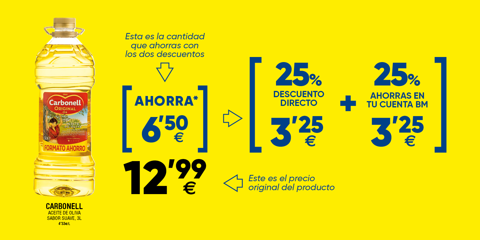 - Un 25% del precio te lo descontamos directamente al pasar por caja. En el supermercado encontrarás el producto con el 25% YA REBAJADO.
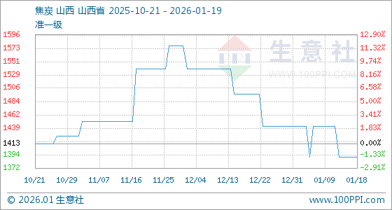 1月19日,生意社焦炭基准价为1391.25元/吨,与本月初(1442.50元/吨)相比,下降了3.55%。
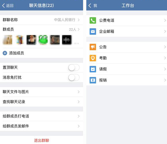 在工作台中,多人可以同时免费使用企业微信的公费电话功能进行工作沟通。此外,员工还可以在手机上完成读取公告、考勤、请假以及报销,绑定腾讯企业邮箱之后,也能实时接受新邮件提醒。
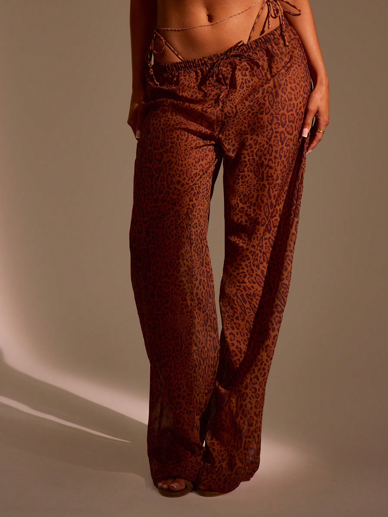 MUSERA Sheer Leopard Print Tie Waist Band Wide Leg Trousers Only
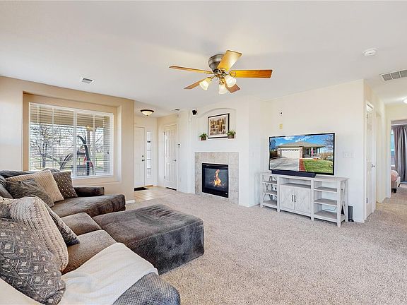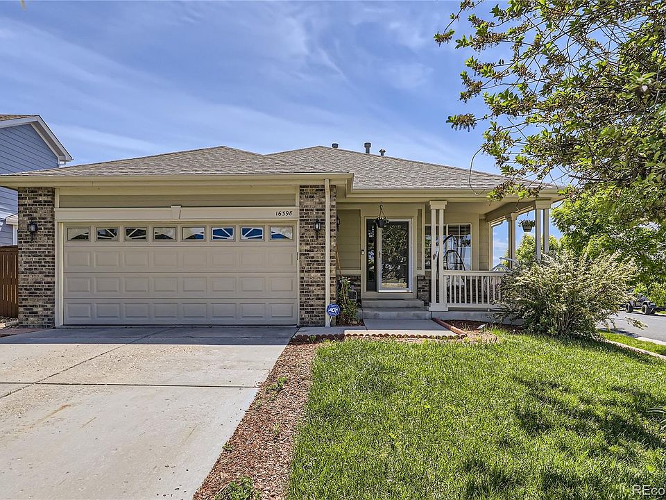 The living space is maximized with an open floor plan and enhanced by tons of windows, showing off the relaxing mountain views. The tile entry gives way to a bright and airy family room, which features a cozy gas fireplace, an art niche, and new carpet. The large archway to the dining area continues the open concept while smartly defining separate areas. From the bay window in the dining area, you can admire the mountain views, the beautifully landscaped backyard, or the lavishly upgraded kitchen, which sits on the other side of the breakfast bar peninsula. Not to be excluded from the open theme, the kitchen is larger than many in the bigger homes nearby. With ample storage and counter space, the kitchen features granite counters, upgraded shaker cabinets, and a beautiful extended backsplash. The new carpet continues from the family room, past a good-sized secondary bedroom and full bath, into the primary suite. This private retreat, with its own bathroom, features a long granite vanity, dual closets, a ceiling fan, and lots of natural light. Outside, you can enjoy the neighborhood from the covered front porch or relax under the pergola on the large back patio. This home has a fun pond complete with fish, surrounded by amazing landscaping just waiting to bloom. Buffalo Mesa has its own 8-acre park with a pool, a playground, & you are close enough to enjoy the Reunion Park & Coffee House, but without the high taxes of Reunion! Great location across from the park at a K-8 charter school, near an award-winning golf course, open space trails, retail shops, 2 rec centers, King Soopers superstore, & the Prairie Center Shopping District. Easy commute to Downtown, with less than a 30-minute drive, or the airport 15 minutes away. Some of the extras include all appliances, a freshly stained fence, roses, lavender, & more! Amazing opportunity for a starter house or downsizing, this affordable home sits amongst more expensive houses in the desirable Buffalo Mesa neighborhood.

* * * * * * * * *

- [WHAT IS EXPECTED]: Print the whole listing exactly. No pictures belong in the copy.

- [RESULT]:
 - Un 25% del precio te lo descontamos directamente al pasar por caja. En el supermercado encontrarás el producto con el 25% YA REBAJADO.
 1月19日,生意社焦炭基准价为1391.25元/吨,与本月初(1442.50元/吨)相比,下降了3.55%。
 在工作台中,多人可以同时免费使用企业微信的公费电话功能进行工作沟通。此外,员工还可以在手机上完成读取公告、考勤、请假以及报销,绑定腾讯企业邮箱之后,也能实时接受新邮件提醒。
 MUSERA Sheer Leopard Print Tie Waist Band Wide Leg Trousers Only
 The living space is maximized with an open floor plan and enhanced by tons of windows, showing off the relaxing mountain views. The tile entry gives way to a bright and airy family room, which features a cozy gas fireplace, an art niche, and new carpet. The large archway to the dining area continues the open concept while smartly defining separate areas. From the bay window in the dining area, you can admire the mountain views, the beautifully landscaped backyard, or the lavishly upgraded kitchen, which sits on the other side of the breakfast bar peninsula. Not to be excluded from the open theme, the kitchen is larger than many in the bigger homes nearby. With ample storage and counter space, the kitchen features granite counters, upgraded shaker cabinets, and a beautiful extended backsplash. The new carpet continues from the family room, past a good-sized secondary bedroom and full bath, into the primary suite. This private retreat, with its own bathroom, features a long granite vanity, dual closets, a ceiling fan, and lots of natural light. Outside, you can enjoy the neighborhood from the covered front porch or relax under the pergola on the large back patio. This home has a fun pond complete with fish, surrounded by amazing landscaping just waiting to bloom. Buffalo Mesa has its own 8-acre park with a pool, a playground, & you are close enough to enjoy the Reunion Park & Coffee House, but without the high taxes of Reunion! Great location across from the park at a K-8 charter school, near an award-winning golf course, open space trails, retail shops, 2 rec centers, King Soopers superstore, & the Prairie Center Shopping District. Easy commute to Downtown, with less than a 30-minute drive, or the airport 15 minutes away. Some of the extras include all appliances, a freshly stained fence, roses, lavender, & more! Amazing opportunity for a starter house or downsizing, this affordable home sits amongst more expensive houses in the desirable Buffalo Mesa neighborhood.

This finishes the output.